Interesting that the investments were in software applications. Several years ago a CEO told me that software was important to his company—and that there was software in most of the company’s hardware products. That was correct—but my point was software business, not technology. ABB seems to have kept emphasis on software business even while Spiesshofer has been divesting some of the acquisitions made under previous CEO Joe Hogan.

Shah’s Takeaways

• It was impressive to see the effort that ABB has invested to bring its acquisitions under one brand.
• ABB has taken a first step in building a technology roadmap by bringing some of the software offerings together as part of the Enterprise Software group. LNS sees this as a big step in the right direction strategically, and should prove of great benefit to current ABB customers as well as prospects.
• However, ABB currently has important software products that remain outside of its Enterprise Software group and it remains to be seen if these solutions will receive the required attention, especially when considering the breadth of ABB’s portfolio.

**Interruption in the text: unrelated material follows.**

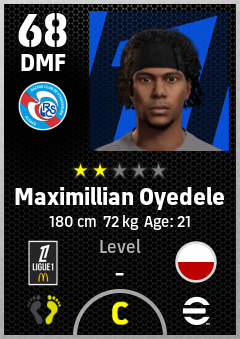 . Maximillian Oyedele is a Defensive Midfielder footballer from Poland who plays for Rc Strasbourg Alsace in eFootball 2026.

Two examples of this are the company’s Manufacturing Execution System (MES) offering, and the aforementioned Decathlon for Data Centers.
• ABB has a full-fledged MES offering with some good customers currently leveraging this MES across discrete, process, and batch industries.
• ABB might have some ground to cover in MES compared to some of its closest competitors in this space. Companies like GE, Siemens, Schneider Electric and Rockwell Automation have been heavily focused on the software business with many announcing reorganizations to increase resources allocated to software over the past several years and.
• Another area we would like to hear from ABB is around their offerings in IoT. While there were number of products that were categorized as IoT solution, ABB will need a holistic offering and vision around how their industrial clients can leverage these solutions to drive value.
• To answer the question, yes—ABB can compete effectively in the software business. But there is still some grounds to cover. ABB has had a lot of critical parts of the software business for quite a while and has been slower than many of its competitors in pulling it all together.

Gary’s Take

I agree with Mehul for the most part. I knew ABB had an MES offering, and I’ve interviewed Marc Leroux many times over the years. But it always seemed a little under the covers. The same with the Ventyx acquisition. It was easy to forget about it as it didn’t seem to get the promotion it deserved.

ABB is such a diverse conglomerate that sometimes it’s hard to know what it focuses on. I always followed the automation—primarily process automation. Several years ago, I think at Hannover but maybe SPS in Nuremberg, ABB executives explained the factory automation offering and the added emphasis the company was placing on it. But there are so many things and so few promotional dollars.

Also a few years ago, ABB decided to add its Power users to its Automation user group conference—hence Automation and Power World. However, the first two of those featured much more power and much less automation. It looks as if the company is striking a balance at the conference. But the Power division is still a laggard in performance.

ABB is a strong company, but it has much work to do in order to reach peak performance.